At first we focused heavily on passive tracking, thinking the less effort required by the user, the better. This is true to some extent—passive tracking works really well for things like exercise, sleep, and even productivity in some ways. But there are some things that can’t be tracked this way, and they can be really important in helping users understand their own behaviour. Early on we added mood tracking, which is a manual process of selecting a rating on a scale each day, and optionally adding a note. We were surprised to find mood tracking was one of our most popular features, and users wanted more ways to track the data their devices couldn’t track for them. We since added custom tags, which let users track boolean data by tagging things like “coffee”, “guitar”, “worked from home”, or “headache”.

In April this year we launched full manual tracking, which is even more flexible: users can now create any numeric attribute they want and track it manually in our mobile apps. This is perfect for data that custom tags don’t quite suit, like tracking the amount of a medication you took, time spent in meetings, how many coffees you drank, or rating your stress or energy levels on a scale.

11) Exist - The number of connected services it can use is so impressive. Were there any unexpected challenges with supporting so many?

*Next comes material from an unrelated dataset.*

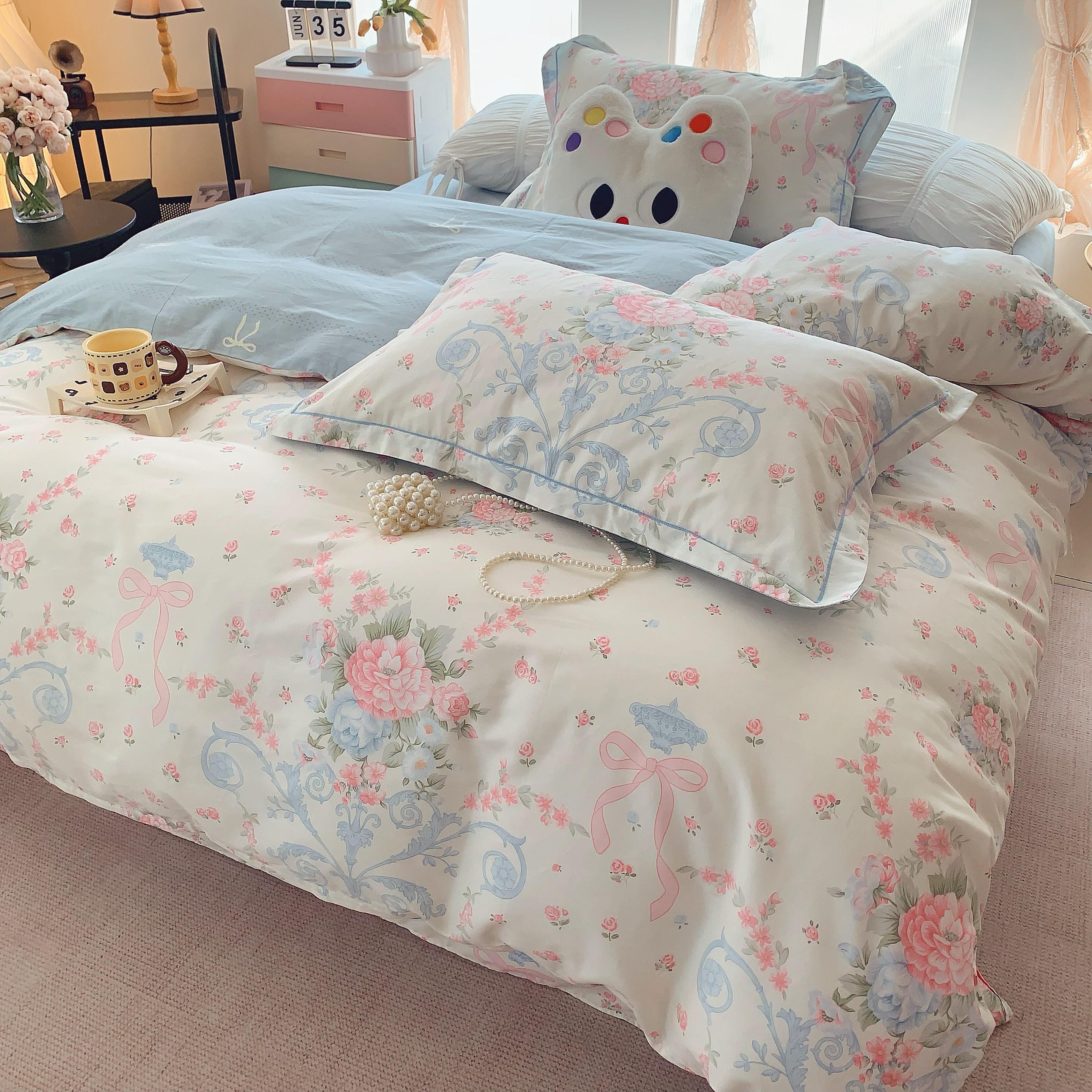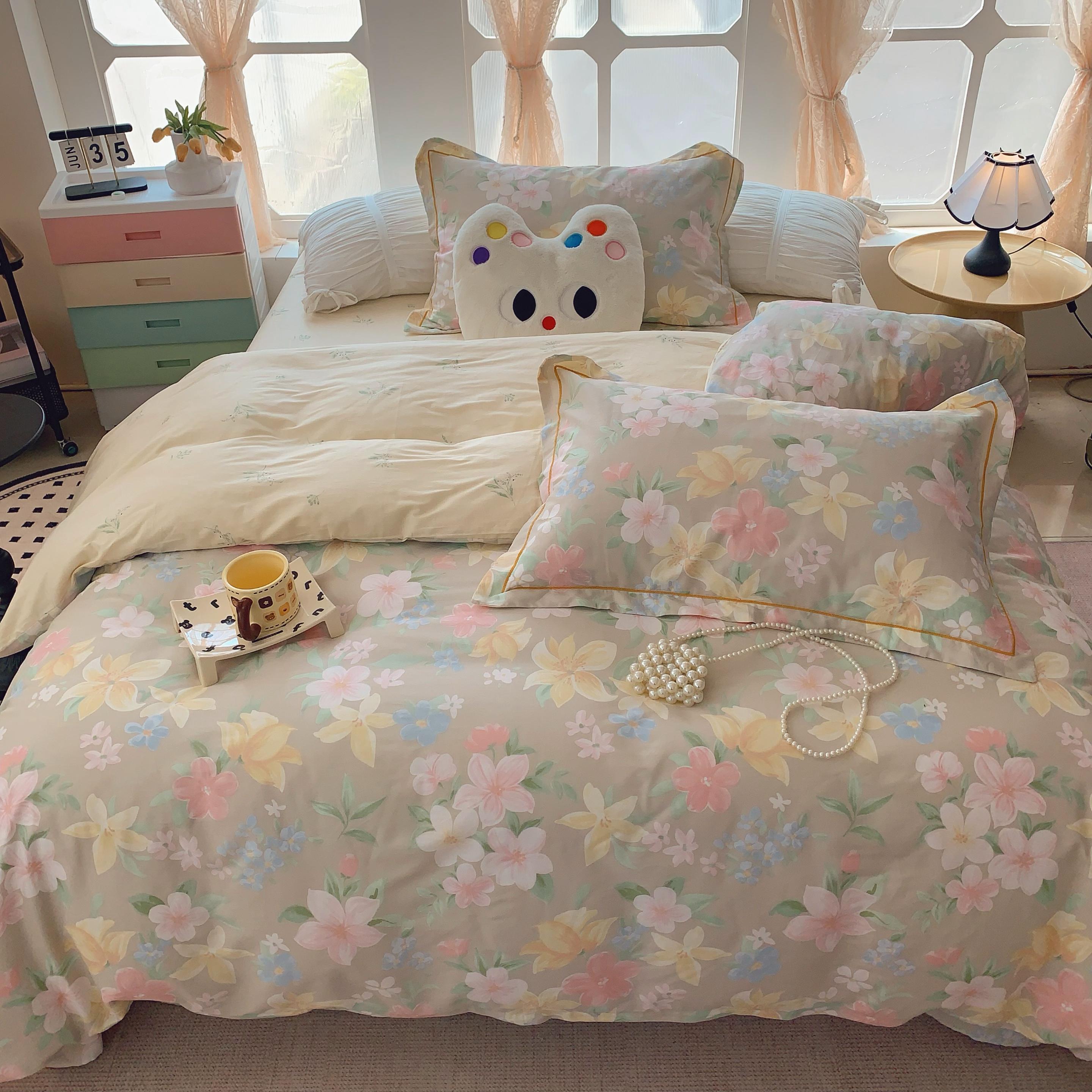 商品名称:莱豫家纺 2025新款亲肤舒适小清新印花纯棉四件套 蒂芙娜

Building a business on the back of other services has been really tricky. Integrations have come and gone because companies have died (e.g. Jawbone), or they’ve shut down or restricted their APIs (e.g. Instagram, Facebook). The quality of API support, documentation, and stability really differs between services too, so the same data in Exist can be more or less problematic depending on where we sync it from.

Our best defense against this has been to spread the load, so we’re not putting all our eggs in one basket. With integrations like Facebook or Instagram, we can’t really replace those if we lose access to their APIs, but for activity and sleep we support Fitbit, Garmin, Oura, HealthKit, Withings, Misfit, and Google Fit, so losing one of those integrations is less painful for our users.

12) What’s been the hardest part of being an indie dev? What the most fun part of being an indie dev?

The hardest part is the responsibility, for sure. We gain flexibility and control and ownership by working for ourselves, but we lose the ability to go on holiday and not think about our business, or to pass the buck when we don’t want to make a decision.

The most fun part is definitely being able to build whatever we want. We have to balance how we spend our time, of course, and make sure we’re paying the bills, but within reason we have the freedom to follow our instincts and work on what’s interesting to us. It’s so motivating to work on projects that

13) Is there anything else you’d like to tell the indie dev community about you?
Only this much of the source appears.